The months slid by. Spring crept into Paris with shy blossoms on the trees.
Rain that turned the cobblestones slick and shining.
I went to work, made friends with my coworkers. Learned how to complain about the metro like a local.
In therapy, Simone and I talked about anger.
“I don’t want to be consumed by it,” I told her one day. “But I also don’t want to forgive them.”
“Not now. Maybe not ever.”
“Forgiveness is not a requirement for healing,” she said. “Sometimes, recognition is enough.”
“Naming what happened. Acknowledging it was wrong. Deciding what you will do with that knowledge.”
“What I want to do,” I admitted, “is burn their world down.”
“Revenge can be seductive,” she said. “It promises control.”
“But it often binds you to the very people you want to escape.”
“I don’t want to be bound to them,” I said. “I want them to know what they cost me.”
“And I want to walk away, knowing they finally see it too.”
“Then maybe,” she said, “we look for justice instead of revenge.”
“I want justice,” I decided. “With a side of consequences.”
She smiled. “That seems reasonable.”
The twins were born in April.
“They came early,” Marcus said. “A few complications, but everyone’s fine.”
“Two boys.
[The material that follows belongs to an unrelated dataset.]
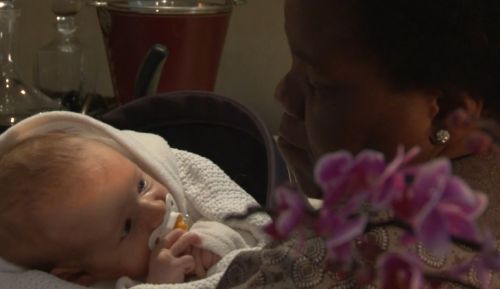 After being bathed Sofia is in her pram (stroller) and starts to cry loudly and for a long while. Nomsa picks her up and holds her while sitting. Sofia looks for eye contact with Nomsa – which is sometimes met and sometimes not. Nomsa comments after a long while to Sofia that she had just wanted to be held. Nomsa puts Sofia back into the pram.
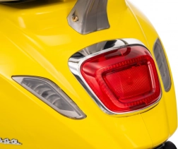 Stijlvolle elektrische kinderscooter VESPA ROMA in een opvallende gele kleur biedt kinderen veilige fun en hun eerste rijervaringen. Dankzij twee motoren van 2×35 W, een 12 V 7 Ah accu, zachte EVA-wielen en een soepele start is de rit comfortabel en stabiel. Voor- en achter LED-verlichting, een audiopaneel met MP3/Bluetooth/AUX, een laadniveau-indicator en een comfortabel zadel van eco-leer ontbreken niet. Een uitstekende keuze voor jonge rijders.

Healthy.”
I sat at my small kitchen table, fingers curled around a mug of coffee gone cold.
“And?”
“And,” he said, “I got the samples. I’ll have results in forty-eight hours.”
The Truth Finally Revealed
Forty-eight hours later, my phone rang while I was in the produce aisle examining tomatoes.
“It’s confirmed,” Marcus said. “Derek is not the father of those twins.”
I sagged against the cart. “You’re sure?”
“One hundred percent. The DNA comparison shows no match to Derek’s markers.”
“The babies are a perfect match to Victor Chin, though.”
I paced between the apples and oranges. “Does Derek know?”
“Not yet,” Marcus said. “But you’ll want to hear this.”
“I kept digging. Eleanor’s been paying a private investigator of her own for the last year.”
“She knows about Amber and Victor.”
“Since when?”
“Before the baby shower. Before she handed you the check.”
“At least six months before the boys were born.”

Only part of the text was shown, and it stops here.